The yield on all loan portfolios was 8.60% at March 31, 1996
compared to 8.38% at March 31, 1995. The Bank's investment
securities available for sale portfolio, which approximated $17.1
million at March 31, 1996, generated an increase in interest
income of $207,000 over the 1995 period. If nonaccrual loans of
$23.1 million at March 31, 1996 had been current in accordance
with their original terms, the Bank would have realized
additional interest income of approximately $849,000 during the
six months ended March 31, 1996. The average yield on loans and
investments was 8.32% at March 31, 1996.
Total interest expense increased $1.8 million in the six month
period ended March 31, 1996, compared to the same period in 1995.
The increase was due to the $2.0 million increase in interest
expense on deposits and was attributable to the increased
deposits outstanding in the 1996 period. Average deposits
outstanding during the 1996 period were $546.6 million compared
to $513.0 million during the 1995 period. Management has been
decreasing the Bank's holdings of brokered certificates of
deposits. The average cost of deposits decreased to 4.02%% at
March 31, 1996 from 4.27% at September 30, 1995. Management
anticipates that the changes in the deposit portfolio will
continue to have a favorable effect on overall cost of funds.
The Bank will continue to offer deposit programs that are
competitively priced to attract new deposits as well as retain
savings of existing depositors. Interest on borrowed money
decreased $166,000 in the 1996 period. The average interest rate
on deposits and borrowed money was 4.09% at March 31, 1996.
Net interest income increased $548,000 during the six month
period ended March 31, 1996 compared to the same period in 1995.
The interest income and interest expense elements of the changes
in net interest income are described above.
Provisions for loan losses totaled $1.2 million in the quarter
ended March 31, 1996 compared to $500,000 in the same 1995
quarter. The related allowance for loan losses totaled $6.6
million at March 31, 1996. Substantially all of the nonaccrual
loans are secured by first mortgage liens on real property. See
"Financial Condition" section for information regarding factors
which influence management's judgment in determining the amount
of additions to the loan loss allowance. Although management
considers the allowance for loan losses to be adequate,
management recognizes that additional problems could develop and
lead to additional loss provisions and asset write-downs.
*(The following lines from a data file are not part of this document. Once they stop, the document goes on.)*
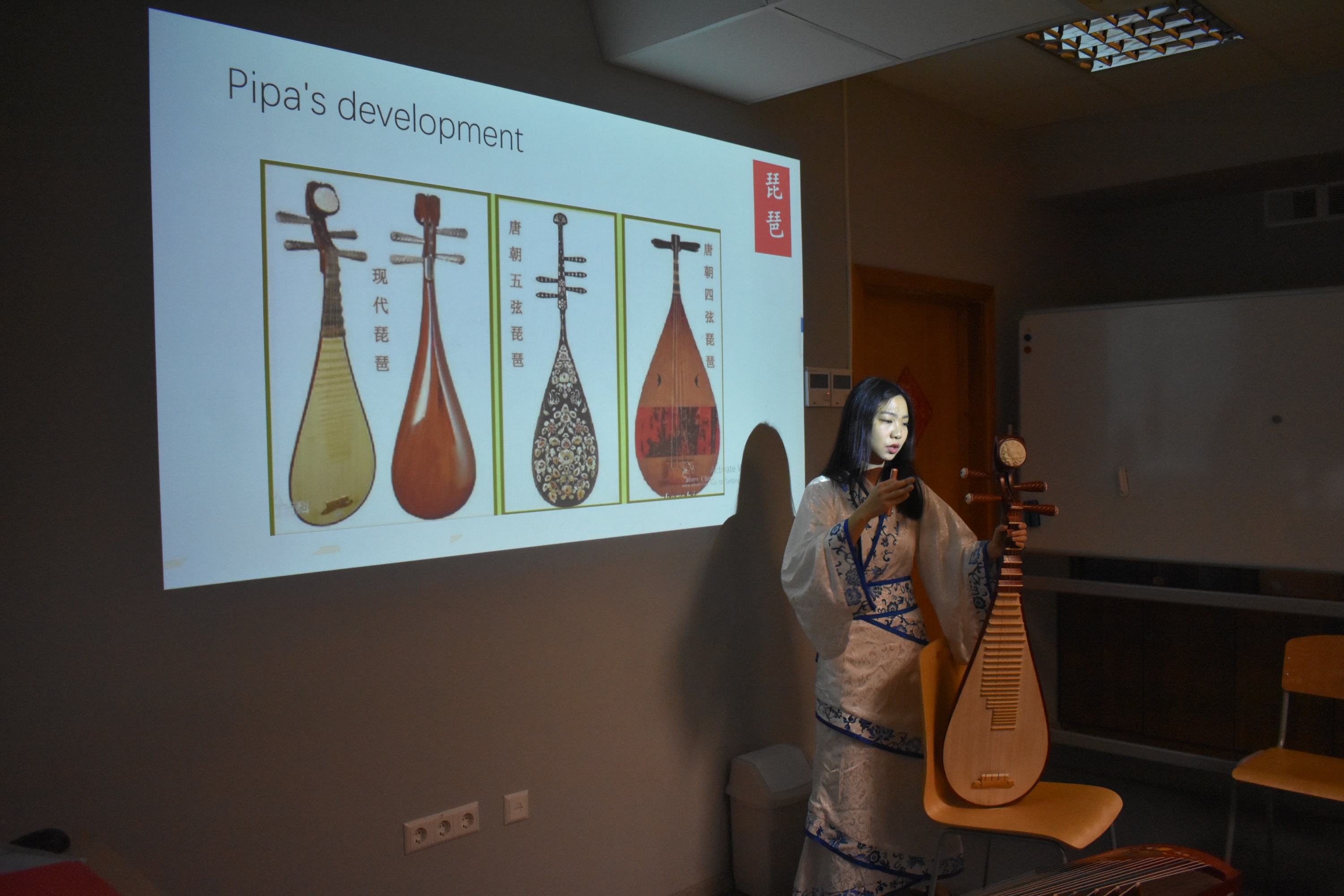 本次汉语角活动旨在让学生们了解中国古典音乐和乐器。活动包括乐器文化及分类、志愿者现场演奏、现场教学及互动等环节。
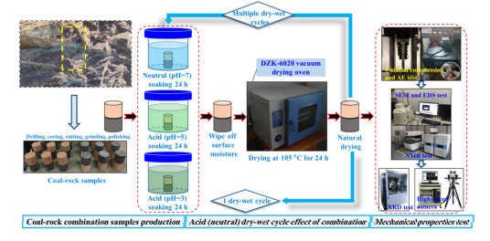 传统煤岩劣化研究多聚焦于单一岩性材料,忽视了煤与岩石复合体在酸性环境下的协同劣化机制,尤其是微观结构演化与力学性能衰减之间的耦合关系尚不明确。该研究系统构建了酸性干湿循环下煤岩组合体的多尺度退化实验体系,结合单轴压缩、声发射监测、扫描电镜和核磁共振等多源技术手段,揭示煤岩界面处裂隙演化、微观孔隙重构及其对整体结构稳定性的影响。论文中提出的煤岩耦合劣化模型不仅深化了岩体环境损伤演化机制的理解,而且为酸雨区露天矿边坡稳定性评估提供了科学依据和工程实践支持。
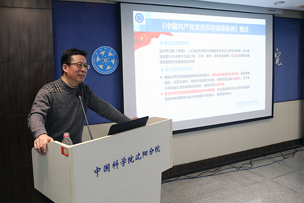 在会议中,分院纪检组成员、沈阳自动化所纪委书记梁波作传达学习《中国共产党党员权利保障条例》专题报告,分别从条例的基本情况、修订亮点、对条例全文的重点解读及如何在监督执纪中保障党员权利四个方面进行详细阐述,他表示,分院系统各单位纪监审干部要加强对条例的学习,并在监督执纪工作中按照条例规定充分保障党员权利的行使。
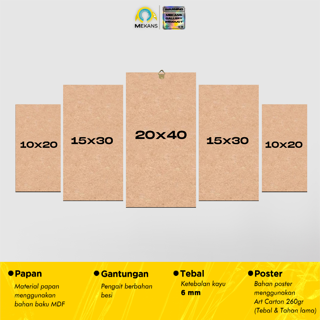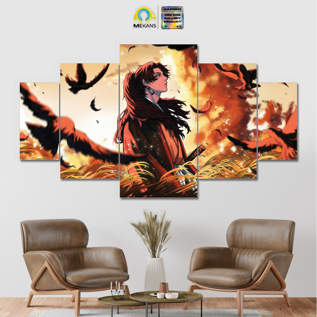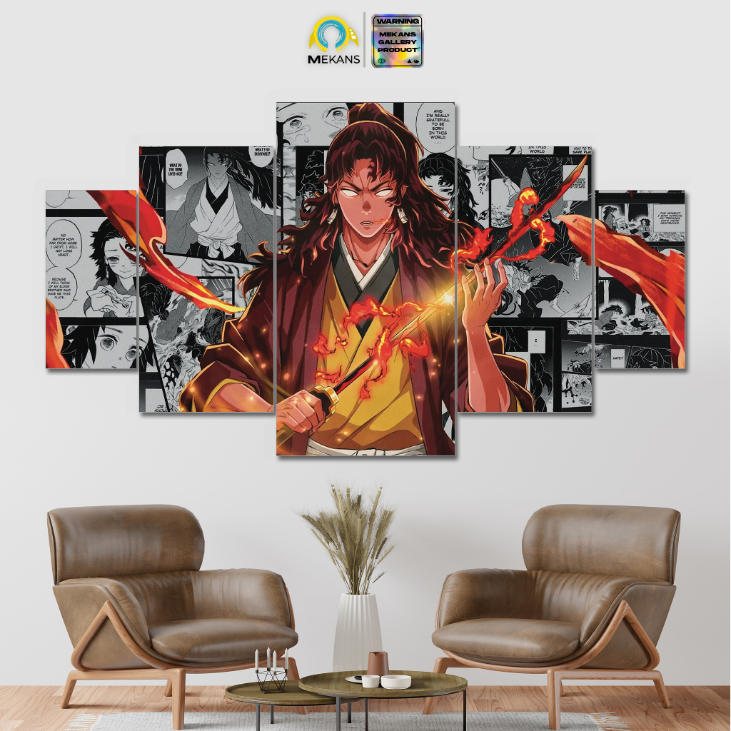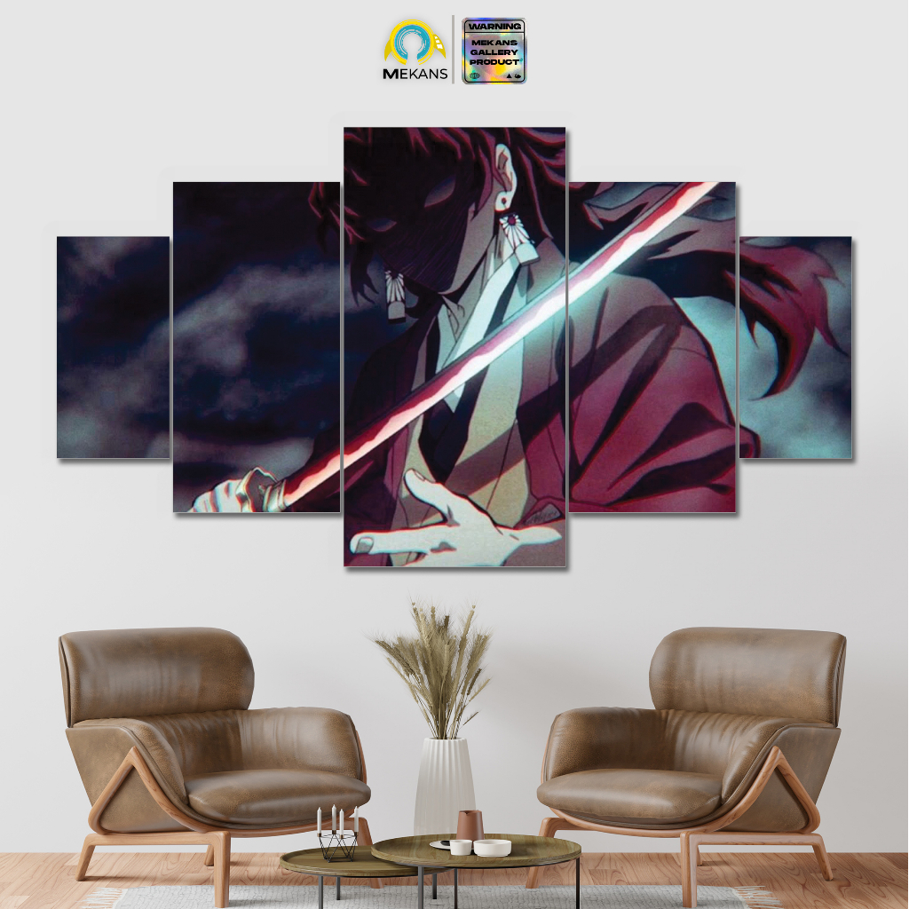 MEKANS 1 SET Pajangan Hiasan dinding DEMON SLAYER YORIICHI 5pcs Poster Kayu Wall Decor
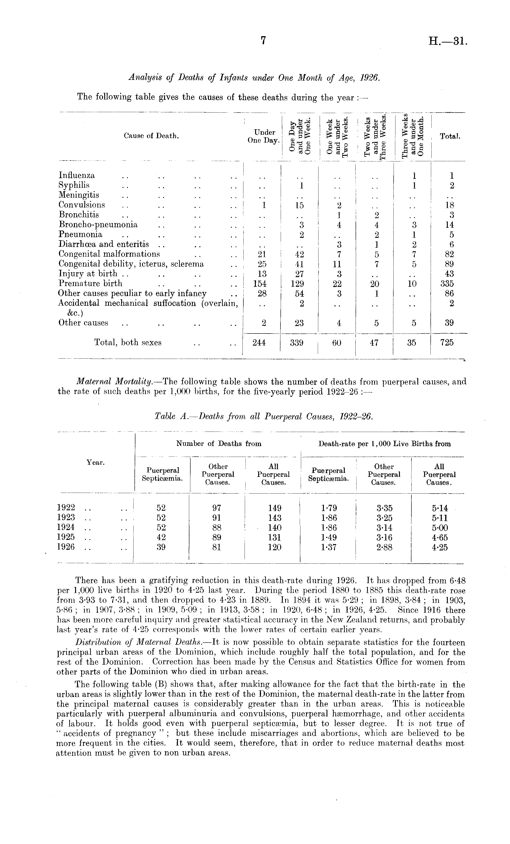 There has been a gratifying reduction in this death-rate during 1926. It has dropped from 6-48 per 1,000 live births in 1920 to 4-25 last year. During the period 1880 to 1885 this death-rate rose from 3-93 to 7-31, and then dropped to 4-23 in 1889. In 1894 it was 5-29 ; in 1898, 3-84 ; in 1903, 5-86 ; in 1907, 3-88 ; in 1909, 5-09 ; in 1913, 3-58 ; in 1920, 6-48 ; in 1926, 4-25. Since 1916 there lias been more careful inquiry and greater statistical accuracy in the New Zealand returns, and probably last year's rate of 4-25 corresponds with the lower rates of certain earlier years. Distribution of Maternal Deaths. —It is now possible to obtain separate statistics for the fourteen principal urban areas of the Dominion, which include roughly half the total population, and for the rest of the Dominion. Correction has been made by the Census and Statistics Office for women from other parts of the Dominion who died in urban areas. The following table (B) shows that, after making allowance for the fact that the birth-rate in the urban areas is slightly lower than in the rest of the Dominion, the maternal death-rate in the latter from the principal maternal causes is considerably greater than in the urban areas. This is noticeable particularly with puerperal albuminuria and convulsions, puerperal haemorrhage, and other accidents of labour. It holds good even with puerperal septica?mia, but to lesser degree. It is not true of " accidents of pregnancy " ; but these include miscarriages and abortions, which are believed to be more frequent in the cities. It would seem, therefore, that in order to reduce maternal deaths most attention must be given to non urban areas.
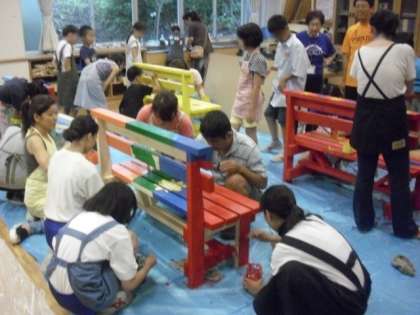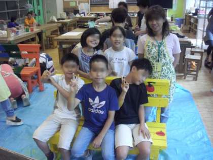早めに仕上がった、東深沢小学校の2つのうちの1つのグループは、自分たちが作ったベンチに座ってにっこり。
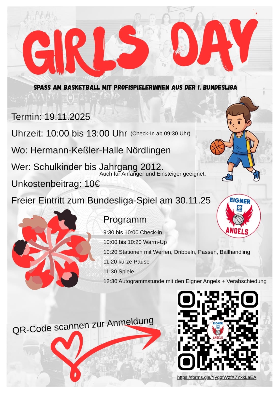 Unter dem Motto „Spaß am Basketball mit Profispielerinnen aus der 1. Bundesliga“ bekommen die Mädchen einen spannenden Einblick in das Training der Angels. Egal ob Anfängerin oder bereits Vereinsspielerin – alle sind herzlich willkommen! Die Teilnahme ist für Schulkinder bis Jahrgang 2012 möglich, der Unkostenbeitrag beträgt 10 Euro.
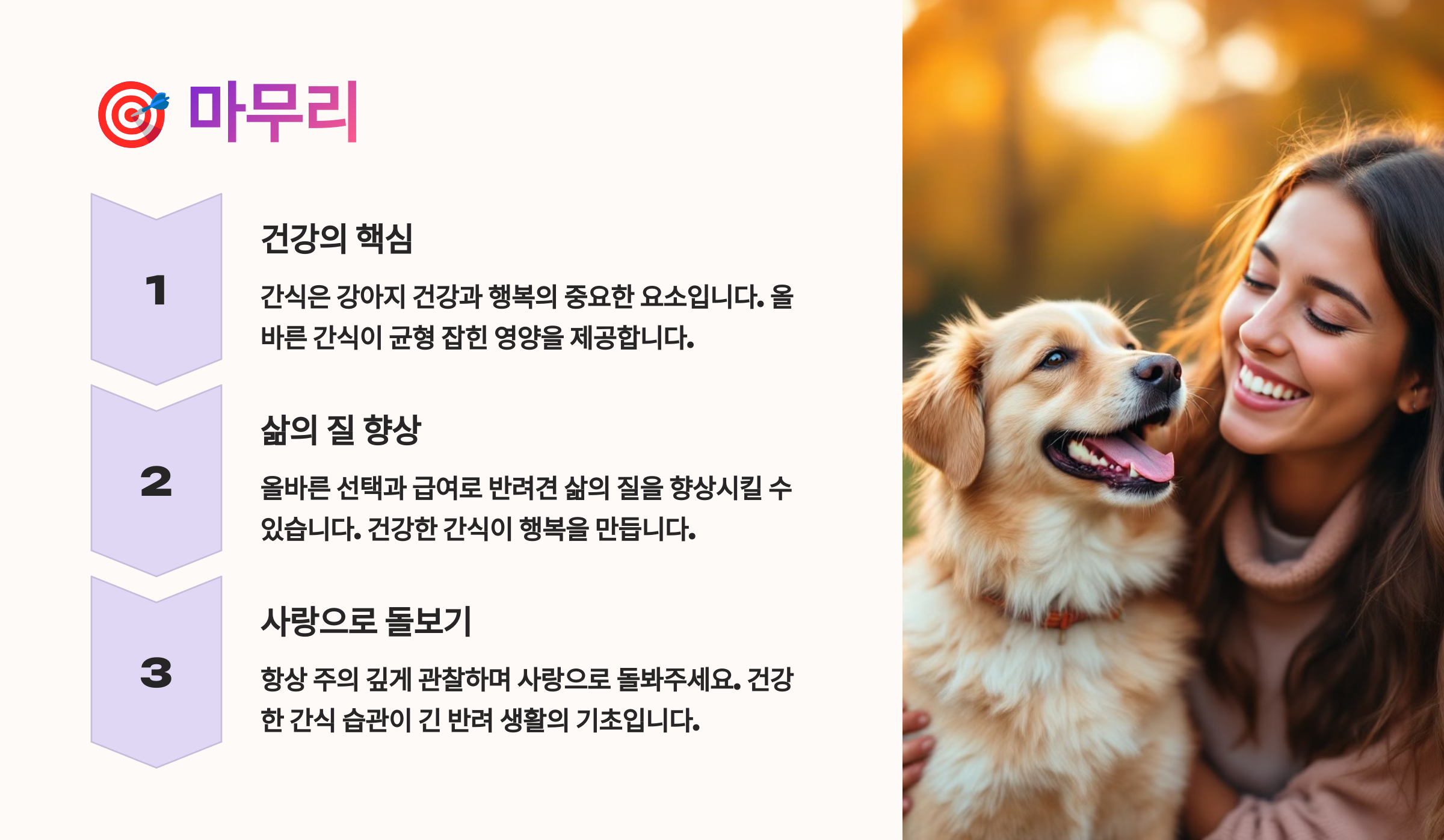 올바른 간식 선택으로 우리 강아지의 건강과 행복을 지켜주세요! 🐶💖
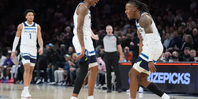 The game was tight early, with eight lead changes and three ties before the Timberwolves took control. With Utah leading 28-27, Bones Hyland made a go-ahead 3-pointer with 2:22 left in the opening quarter — the start of an 8-0 run by Minnesota.
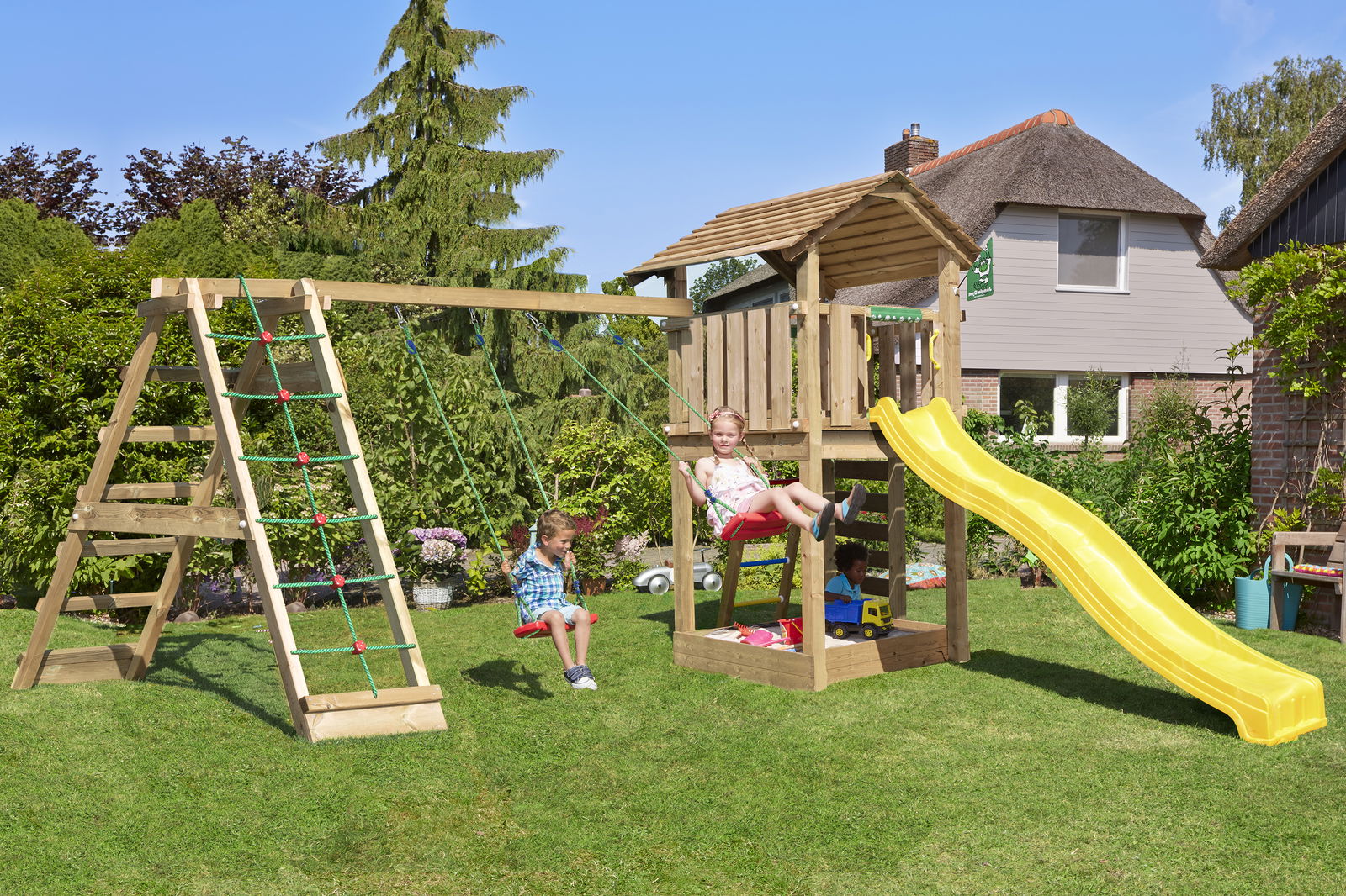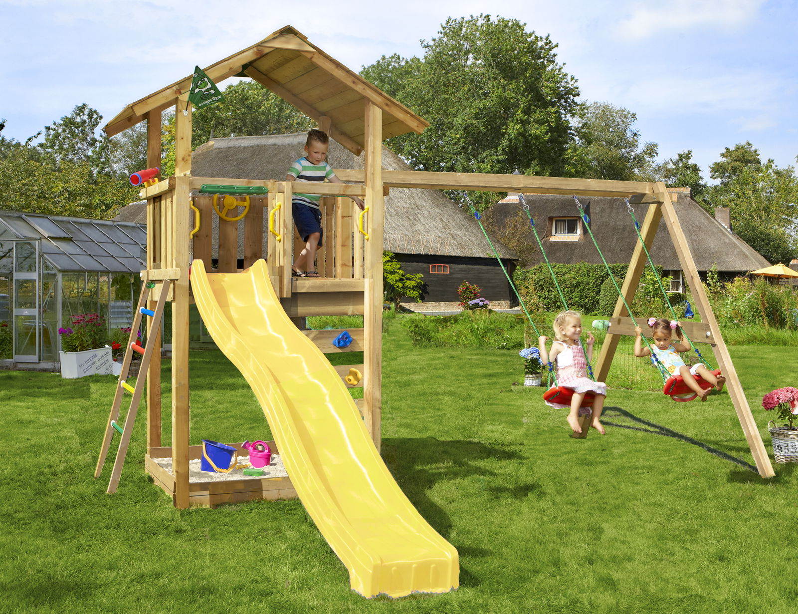 Legetårn Jungle Gym Cottage 2.1 m/2-Swing Modul 220 og gul rutschebane

Total other income increased $4.6 million in the six month period
ended March 31, 1996. The increased income is mainly
attributable to a $3.4 million increase in loan fees and other
loan charges, a $1.0 million net gain on the sales of loans, and
a net gain on the sales of investments of $291,000. $3.4 million
of the increase in loan fees and other loan charges is directly
attributable to the credit card portfolio. First State obtained
a serviced credit card portfolio through the merger with Ocean
Independent Bank in October, 1994. The effect of the accounting
for the credit card portfolio has caused increases in the areas
of consumer loan interest, loan fees and other loan charges, and
loan expenses. Details regarding First State's serviced credit
card portfolio were previously discussed in the "Comparison of
Three Months Ended March 31, 1996 --Results of Operations"
section of this report. The sale of $74.2 million of mortgage
loans from the available for sale portfolio generated a net gain
on sales of loans of $1.1 million. Net gains on the sales of
investments totaled $136,000 in the 1996 period. First State
maintains an investment securities available for sale portfolio
and anticipates periodic gains on the sales of such securities.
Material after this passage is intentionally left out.